In a nutshell, below are some of the things I see taking place in the North American fleet and mobility market in 2022. 

•    High inflation seen continuing at least in 1H22
•    Fuel prices will remain high for at least a few months
•    Leasing contracts will continue to be drawn out as stock levels remain low  
•    Vehicle inventory seen low, mainly in terms of trucks, LCVs and EVs
•    Driver distraction will remain a big problem owing to increased workloads 
•    Last-mile delivery seen growing at an exponential rate
•    Remarketing is also seen strong, owing to high resale prices
•    Many technological offers in the market (Video Telematics, ADAS, and AI)
•    Lack in semiconductors seen continuing at least until year-end 2022
•    Prepare yourself for tech and mobility IPOs and startups 

Although I see several things occurring in 2022, I’ll focus on increased costs and expenses, the growth in electrification, and the new companies seen entering the market.

The cost to operate a fleet will likely remain high and this is due to a variety of factors, among them being the lack in semiconductors and raw materials which has been impacting automobile industry supplies. Although some of this was brought on by the COVID-19 pandemic, other factors such as natural disasters and factory fires are to blame. 

It is this coupled with a healthy demand which is increasing prices, especially for the fleet market.

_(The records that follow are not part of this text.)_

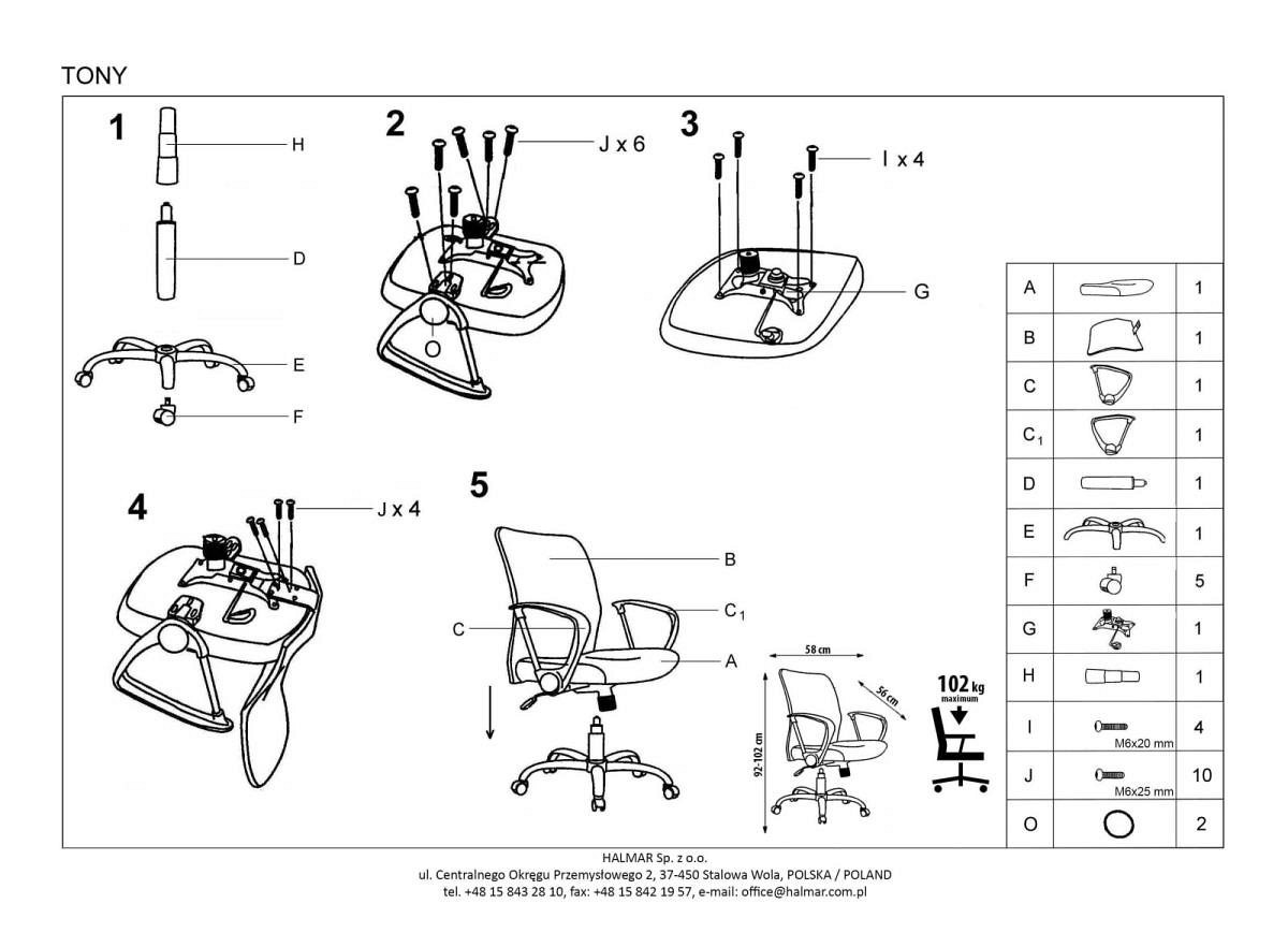 Najważniejszą cechą foteli biurowych jest ich wygoda i ergonomia. Jeśli dodamy do tego niebanalny wygląd, zdaje się, że otrzymujemy produkt idealny. Taki jest fotel Tony. Siatka oraz tkanina membranowa sprawiają, że fotel jest nieparzący, a szerokie siedzisko i lekko odchylone oparcie, że każdemu będzie na nim wygodnie. Czy można chcieć więcej? Można, dlatego w fotelu Tony zamontowano mechanizm TILT zapewniający płynna regulację wysokości, swobodne kołysanie się, obracanie oraz blokadę oparcia podczas użytkowania go w pozycji pionowej. Do podstawy krzesła zamocowany został zestaw kółek przeznaczony do dywanów. W razie potrzeby oferujemy również kółka kauczukowe zaprojektowane specjalnie do powierzchni twardych np. paneli.
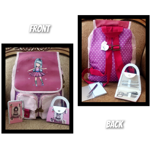 Combo includes the backpack, beautiful notebook with pen and nail grooming kit in a cute pouch.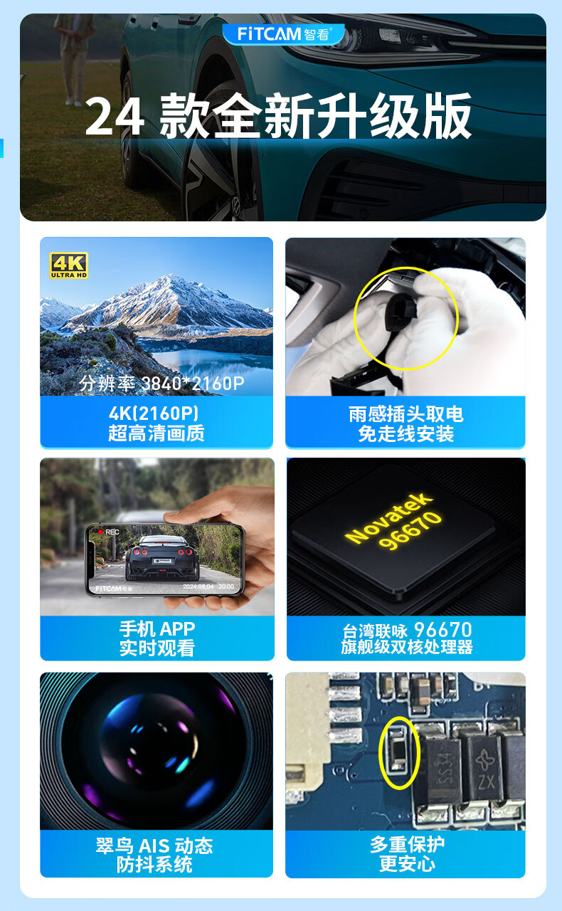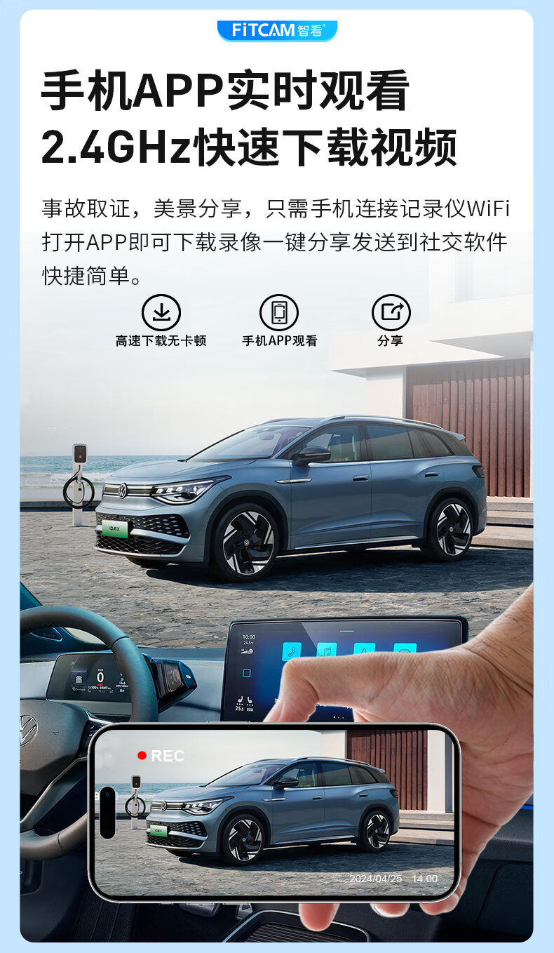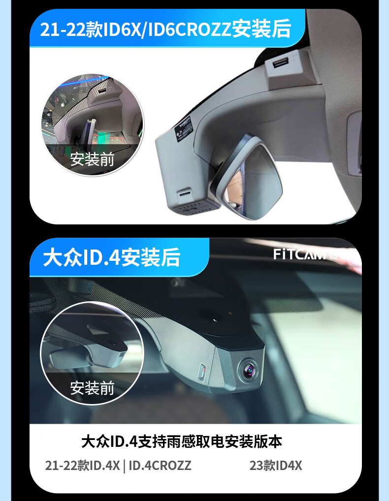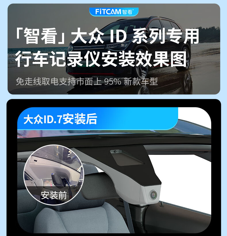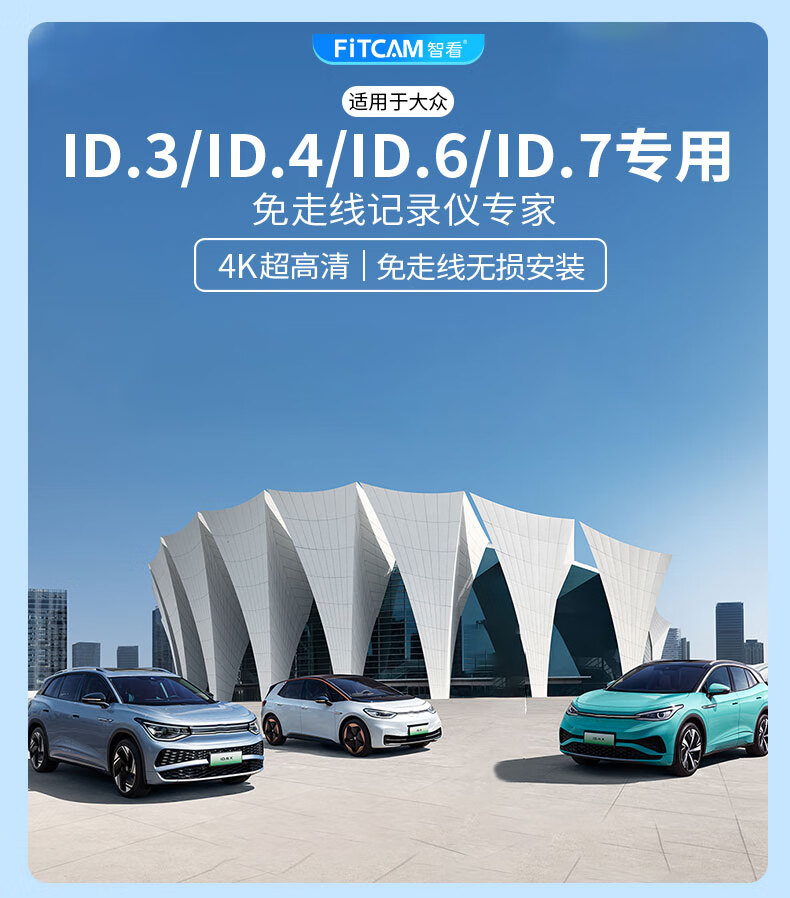 Zhikan is suitable for Volkswagen ID.3 ID.4X ID6X ID7 and Volkswagen dedicated driving recorder id3 id6 id4 HD ID.3 recorder + free 64G memory card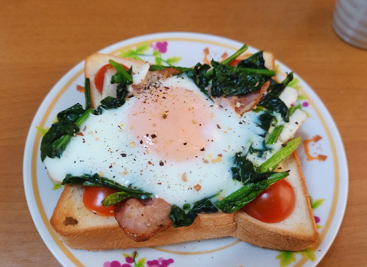 最初期は本当に、パズー・トーストだったんです。すなわち、バターが塗られて目玉焼きが乗ってるだけだった。それを嫁が美味しいと言って食べた。段々とエスカレートしてこんにちに至りました。子供用に考えると栄養バランスも気になります。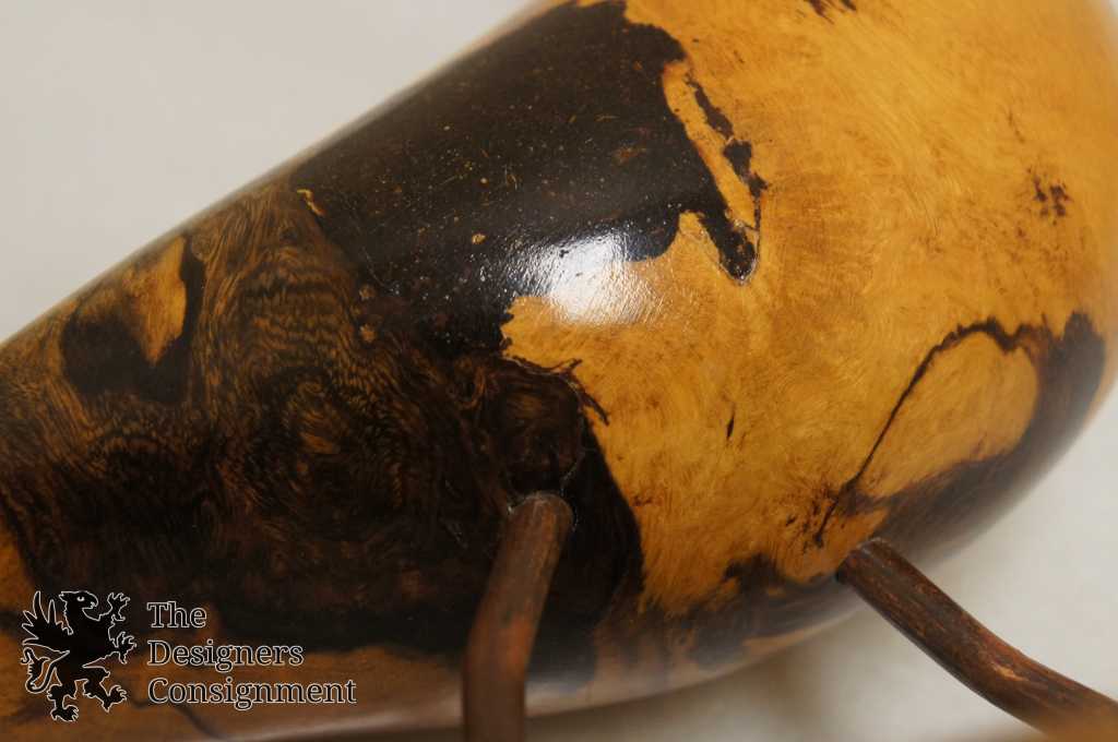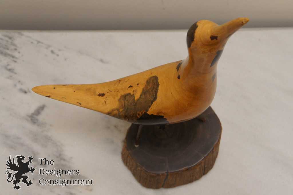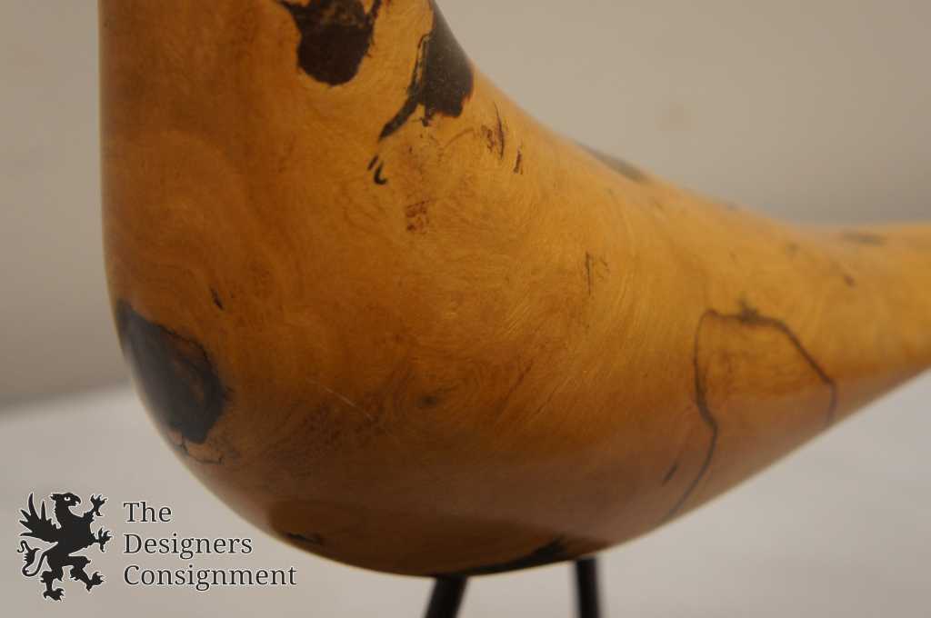 Hand carved vintage seagull sculpture. Signed Knaus. The sculpture is carved from an exotic burlwood and features iron legs on a wooden base. A unique piece that will make a great addition to any collection.

The scenario today has resulted in less incentives for fleet and a focus toward higher-return sales such as those for the B2C market. 

Fuel prices (US average of $4.46 per gallon in December 2021) will likely continue to be high in 2022 and maintenance costs will follow suit as more companies opt for extending their replacement schedules and end up maintaining older vehicles. The price of tires, motor oil, and parts are also seen higher.

Meanwhile, in terms of electrification, I can say that the US has come a long way.  Although most of it is just planning, expect to see much more focus on EVs in 2022 than you have seen in the past and this is due to efforts from both the public and private sector.

For one, the Infrastructure Investment and Jobs Act (IIJA) was signed into law in late 2021, a 5-year infrastructure development bill budgeted at well over US$1 billion which includes many EV infrastructure and clean energy investments.  

Plans include many steps to implement electrification infrastructure and clean energy projects, including $65 billion for upgrading the national power grid, $7.5 billion for charging infrastructure, among others.

As for the private sector, Ford is planning to build EVs at a new auto production complex under construction in Tennessee and batteries at a “gigafactory” in Kentucky, both of which are multi-billion-dollar projects.  The company is planning 40% of new vehicles sales to be electric by 2030, launched by the current success of the Mustang Mach-E, F150 Lightning pickup and E-Transit Van.

Meanwhile, General Motors is seeking to double revenues by 2030 with the help of EV sales. Although launches are not seen until 2023, expect to see the marketing of the Cadillac Lyriq, Hummer EV and full-electric Chevy Silverado in 2022.

Also look out for a new US$5bn Rivian factory which will be built just outside of Atlanta, Georgia. Electric vehicle production, however, will not start until 2024. 

And don’t forget the IPO of Mobileye, the advanced driver-assistance systems (ADAS) and self-driving solution company of semiconductor producer Intel. Some reports are pointing toward a valuation of US$50bn.

Finally, keep your eyes peeled for startups in the tech and mobility sector.  Among them are autonomous vehicle manufacturer Udelv, mobility solutions company Launch Mobility, EV manufacturer Lordstown Motor Corporation, and many others.